- Interactive map of the Broadcast House area

General information
- Type: Film, radio, and television production studio Corporate offices
- Location: 20777 W. 10 Mile Road Southfield, Michigan 48037
- Coordinates: 42°28′09″N 83°14′54″W﻿ / ﻿42.469116°N 83.248291°W
- Opening: 1959
- Owner: E.W. Scripps Company;

= Broadcast House (Michigan) =

Television and radio studio and corporate office located in Southfield, Michigan

The Broadcast House, also referred to as the WXYZ-TV Broadcast House, is a television and radio production studio complex located in Southfield, Michigan near the campus of Lawrence Technological University. The complex houses production and broadcasting facilities for WXYZ-TV, WMYD-TV, WFDF, and The Word Network.
==History==
In 1959, all of WXYZ's radio and television operations moved into new broadcast facilities at Broadcast House, at 20777 West Ten Mile Road in Southfield, where WXYZ's television operations remain. The facility was built on the site of a former farm and included three television production studios and its own free-standing broadcast tower with a single-person maintenance elevator.

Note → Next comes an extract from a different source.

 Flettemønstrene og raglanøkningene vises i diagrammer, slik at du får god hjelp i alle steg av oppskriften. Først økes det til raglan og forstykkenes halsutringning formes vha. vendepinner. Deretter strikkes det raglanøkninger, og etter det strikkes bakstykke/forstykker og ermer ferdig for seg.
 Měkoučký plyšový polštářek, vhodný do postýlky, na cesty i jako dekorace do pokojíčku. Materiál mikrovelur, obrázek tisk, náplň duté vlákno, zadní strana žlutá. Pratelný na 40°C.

WXYZ began broadcasting network programs in color in 1962 and started broadcasting local programs and newscasts in color around 1964.

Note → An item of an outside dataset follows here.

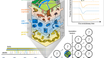 The leftmost bracket on the right-hand side represents the number of individuals escaping starvation (death due to insufficient environmental substance) at the previous time-step and \({G}_{q,j}\left(t\right)\) is the per capita reproductive growth rate. \({{{{{{\rm{{\Upsilon }}}}}}}}_{q,j}\left(t\right)\) gives the number of mutant offspring individuals produced during reproduction from parent individuals of genotype \(j\). \({{{{{{\rm{{\Upsilon }}}}}}}}_{q,x\ne j}\left(t\right)\) represents the number of \(j\) genotype individuals derived from mutation in parent individuals of other genotypes. \({\delta }_{q,j}\left(t\right)\) is the number of individuals of genotype \(j\) lost to random death, and the rightmost bracket relates the total number \({S}_{q}\left(t\right)\) of individuals of species \(q\) to carrying capacity \(K\), which represents limitation of growth by any factor other than the relevant environmental substance, e.g. space. (The steady state population size in all simulations shown is below \(K\) and limited by the environmental substance influx. The carrying capacity is included in the model for computational reasons and as a “crash preventer” but has no qualitative effect on the results).
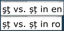 Pango 1.17 é dos mais recentes suportarem o script locl tag que permite que os glifos alternativos a serem utilizados para o mesmo ponto de código Unicode. Supondo que você tenha Verdana versão 5.01 instalado, que suporta o recurso para o script locl Latn/ROM (romeno), uma demonstração rápida (no Linux) é:

In the 1960s, a full transmitter facility was built at the Broadcast House intended for WJMY-TV which was on channel 20 but had ceased transmission in 1963. In 1975, WXON, later WMYD, relocated its studios to the Broadcast House after returning to the airwaves in 1972.

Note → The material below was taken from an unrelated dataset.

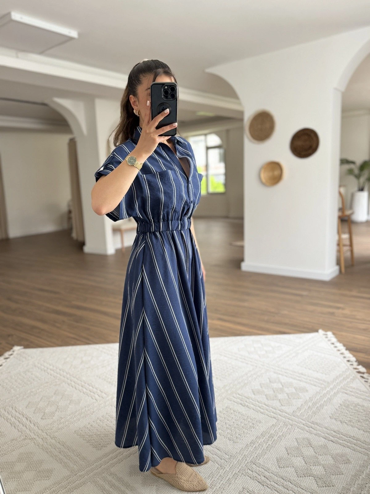 ÇİFT CEP BEL BÜZGÜ YARI PATLI UZUN VİSKON ÇİZGİLİ ELBİSE – LACİVERT EKRU

In 1993, the studios held the first Town Meeting with President Bill Clinton hosted by WXYZ-TV anchorman Bill Bonds in which the President of the United States would address questions from audience members at the studios as well as audiences at other television stations via satellite.

In 2000, the studios became the headquarters for The Word Network and in 2012, the network expanded its operations to a state-of-the-art television production facility inside the complex which serves as its current global headquarters.